If an interaction with a concomitant medicinal product for which minor variations in therapeutic levels are clinically significant cannot be excluded, colesevelam should be administered at least 4 hours before or at least 4 hours after the concomitant medicinal product in order to minimize the risk of reduced absorption of the concomitant medicinal product.

If other medicinal products are administered in divided doses, it should be noted that the required colesevelam dose can be administered once daily.

For substances with a risk of clinically effective impairment of bioavailability, blood level control or close clinical monitoring if necessary.

Selection of individual substances with impaired bioavailability:

Olmesartan intake with a 4-hour interval necessary.

Phenytoin Take 4 hours apart; monitor phenytoin levels.

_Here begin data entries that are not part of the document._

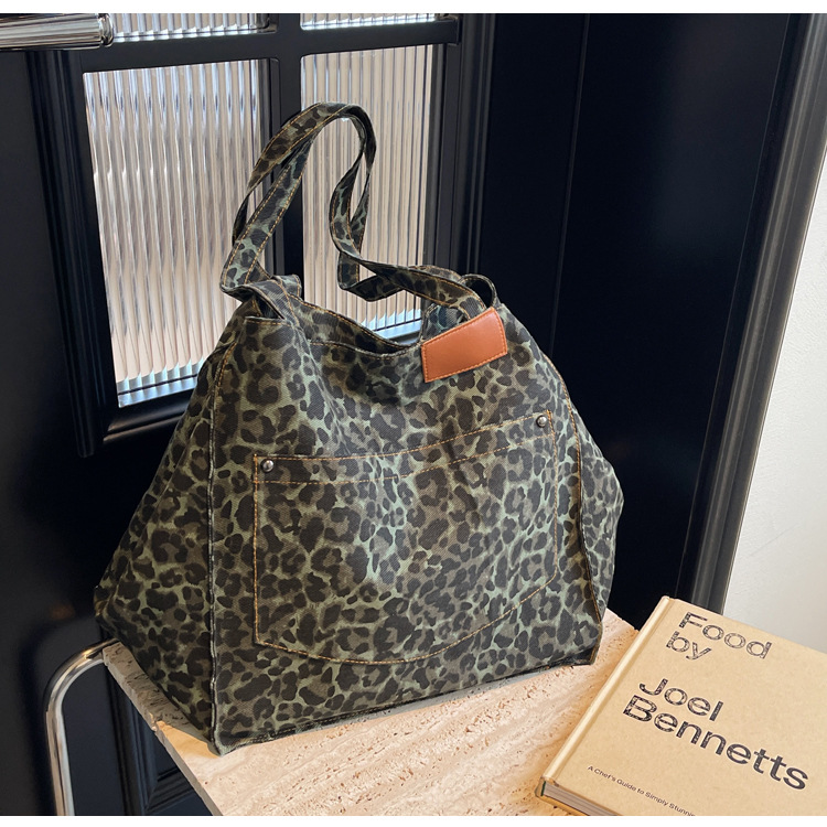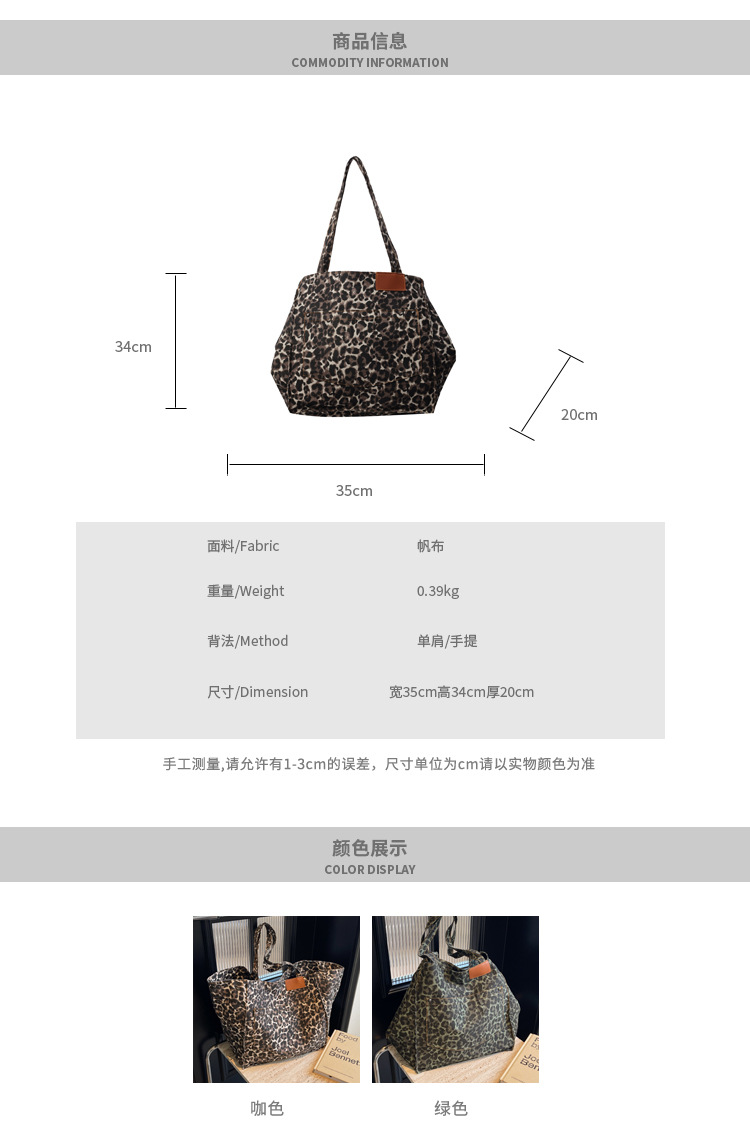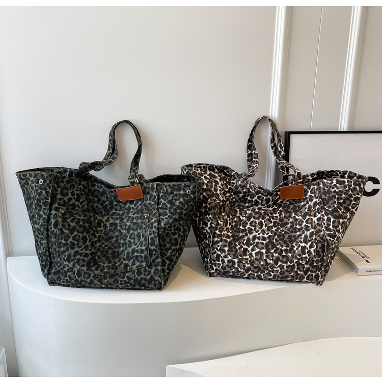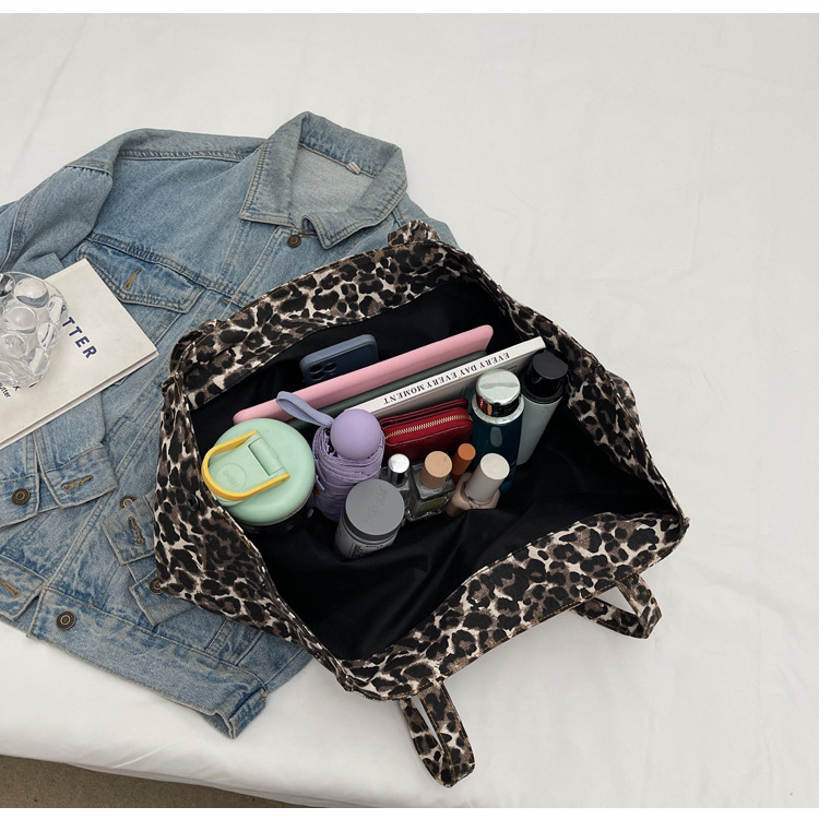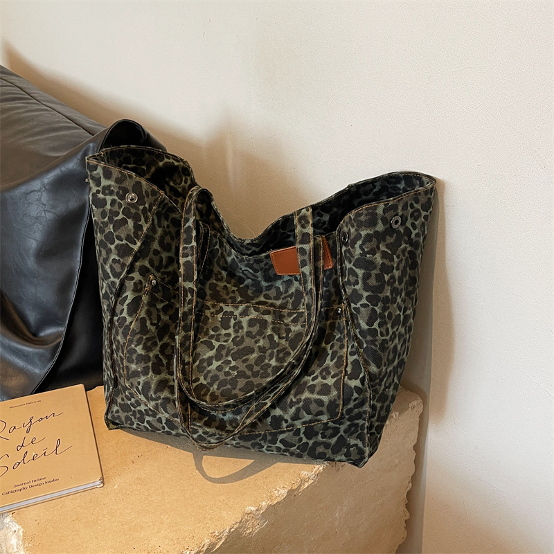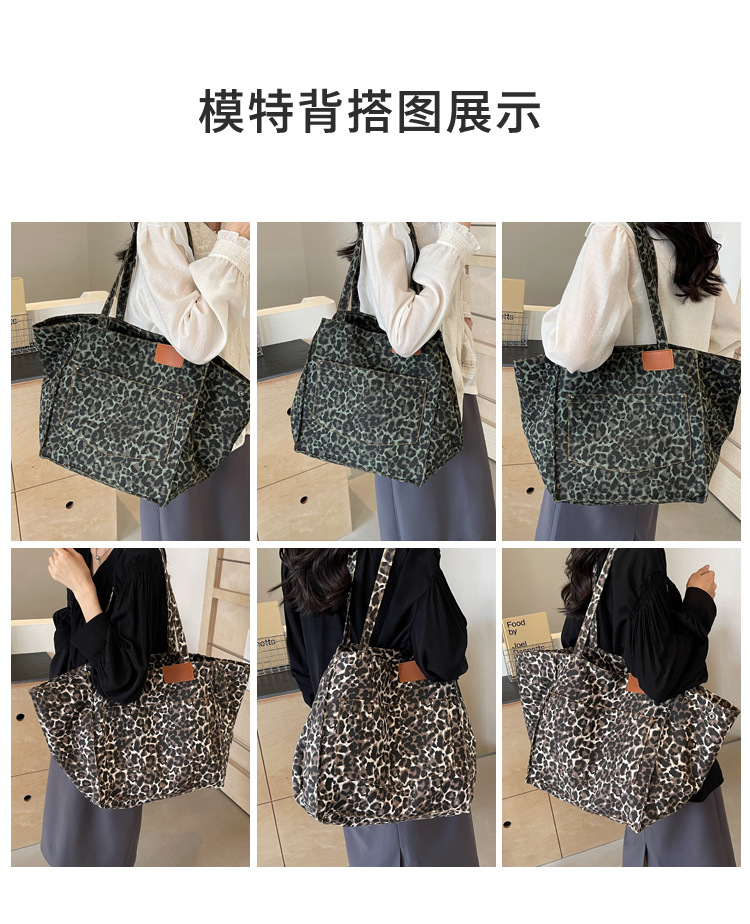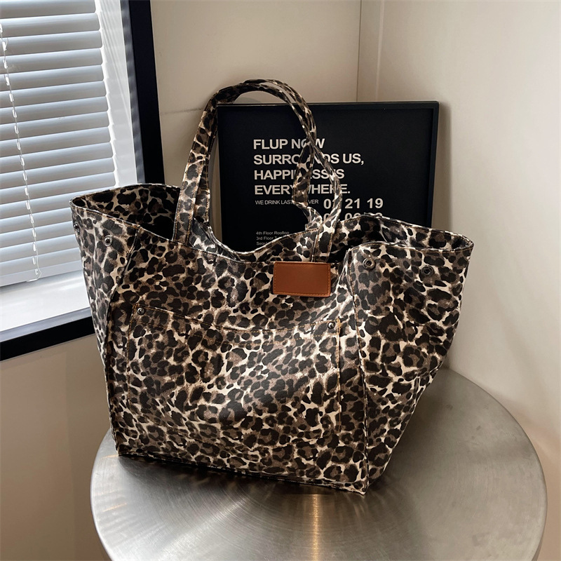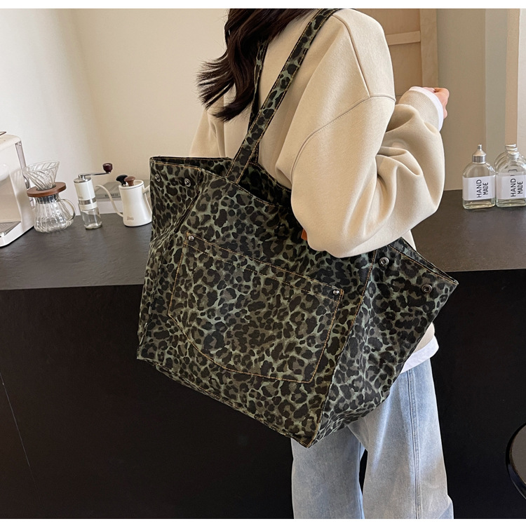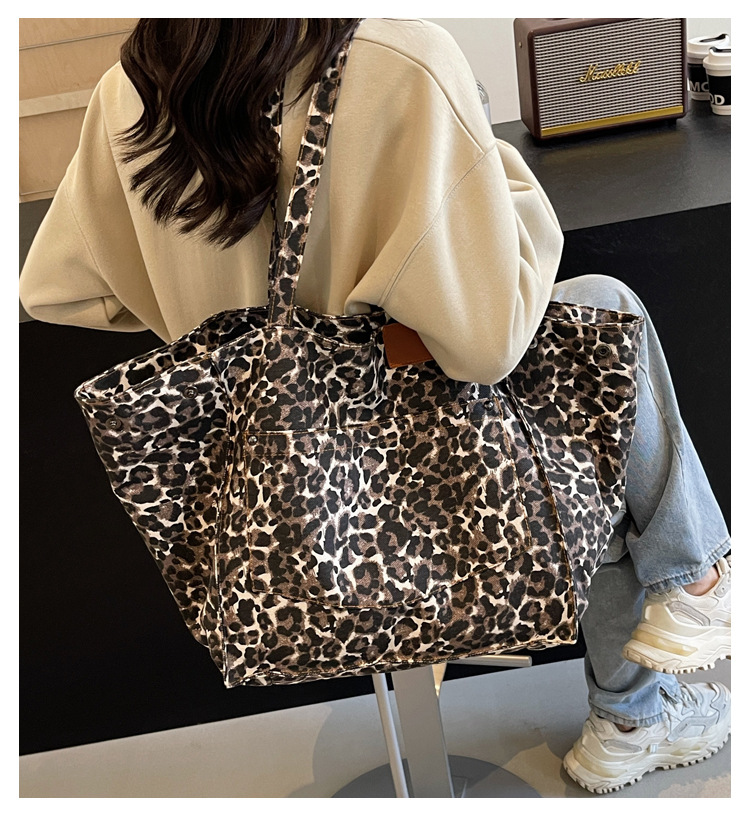 레오파드 무늬 캔버스 토트 백 여성 대용량 가방 2024 새로운 국경 대외 무역 휴대용 통근 어깨 미라 가방스토어 가기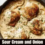 A creamy and flavorful Sour Cream and Onion Chicken recipe that features tender chicken breasts cooked to golden perfection, then smothered in a rich sauce made from sautéed onions, garlic, chicken broth, Worcestershire sauce, and full-fat sour cream. This quick and comforting dish is perfect for a satisfying weeknight dinner and serves four.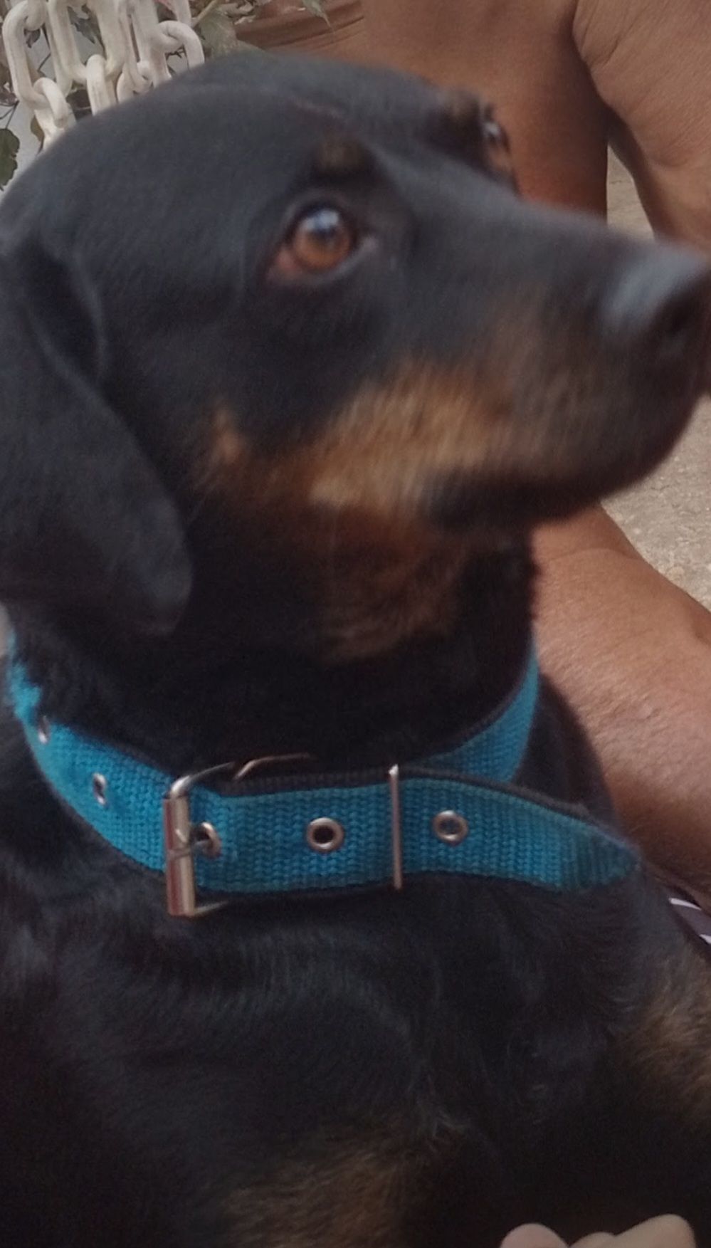 O Fred ele é dócil,tem muito medo de chuva,tem cor preta com algumas cores marrom no rosto e patas,e estava com 1 coleira amarela, ele saiu correndo atrás de um gato e não conseguimos alcançar, fomos atrás mas o Fred correu muito.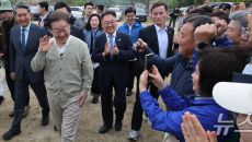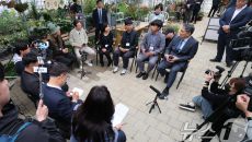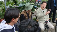 (보은=뉴스1) 안은나 기자 = 이재명 더불어민주당 대통령 후보가 '골목골목 경청투어'에 나선 6일 충북 보은군 화훼농원 숲결- 2025.05.06 13:06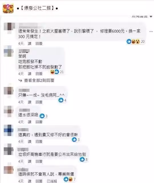 其他網友則分享:「之前火星塞壞了,說引擎壞了,修理要6千,換一家3百搞定!」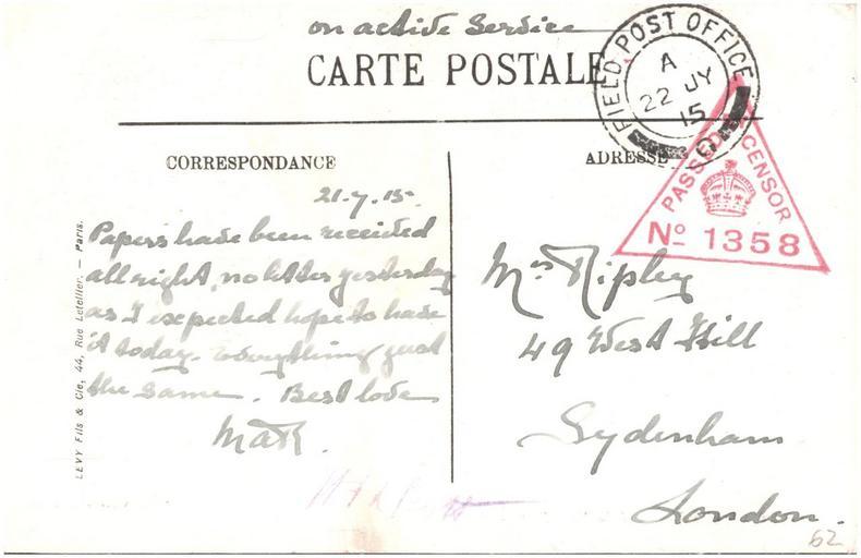 | Keywords: france war world war 1 worldwar1 ww1 postcard ripley public domain publicdomain nurse ripley nurseripley text writing drawing sketch Sent by a nurse, Margaret Ripley, to her mother back in England. Interesting that this card is the first for over a month. Did she not send any, or are they simply missing from this album? Given teh brevity and tone of the message I highly doubt this was the first time she had written for a long while. As far as I can tell (corrections and additions welcome) this reads: "21.7.15 Papers have been received all right. No letter yesterday as I expected hope to have it today. Everything just the same. Best love Mar" For more details of the story behind this album see www.flickr.com/photos/whatsthatpicture/sets/7215762769463... Sent by a nurse, Margaret Ripley, to her mother back in England. Interesting that this card is the first for over a month. Did she not send any, or are they simply missing from this album? Given teh brevity and tone of the message I highly doubt this was the first time she had written for a long while. As far as I can tell (corrections and additions welcome) this reads: "21.7.15 Papers have been received all right. No letter yesterday as I expected hope to have it today. Everything just the same. Best love Mar" For more details of the story behind this album see www.flickr.com/photos/whatsthatpicture/sets/7215762769463... |

Anticoagulant therapy Close laboratory monitoring, anticoagulant effect may be impaired (vitamin K resorption reduced).

Levothyroxine must be taken 4 hours apart.

Oral contraceptives are strongly subject to the entero-hepatic circulation, therefore bioavailability may be limited and efficacy impaired; intake with a 4-hour interval necessary.

Ciclosporin significant impairment of bioavailability; must be taken 4 hours apart; close monitoring of levels necessary. Always take colesevelam and ciclosporin at the same time to minimize the risk of impairment.

Oral antidiabetics Bioavailability may be reduced; take 4 hours apart.

Metformin ER (delayed release) Exposure of metformin may be increased!

Fat-soluble vitamins Vit.E, D, K, A, may be reduced, especially in the case of pre-existing malabsorption, malnutrition; laboratory control and substitution may be necessary.

If WW leads to dose adjustment of concomitantly administered substances, this must also be taken into account when stopping therapy with colesevelam and the dose must be adjusted again if necessary (otherwise certain drugs may have a greatly increased or toxic effect of the increased dose after increasing the dose when colesevelam is discontinued).

For further information, see specialist information!

Colesevelam Fachinfo ^{Cholestagel®}

Karow T, Lang-Roth R. General and special pharmacology 32nd ed. 2024/25.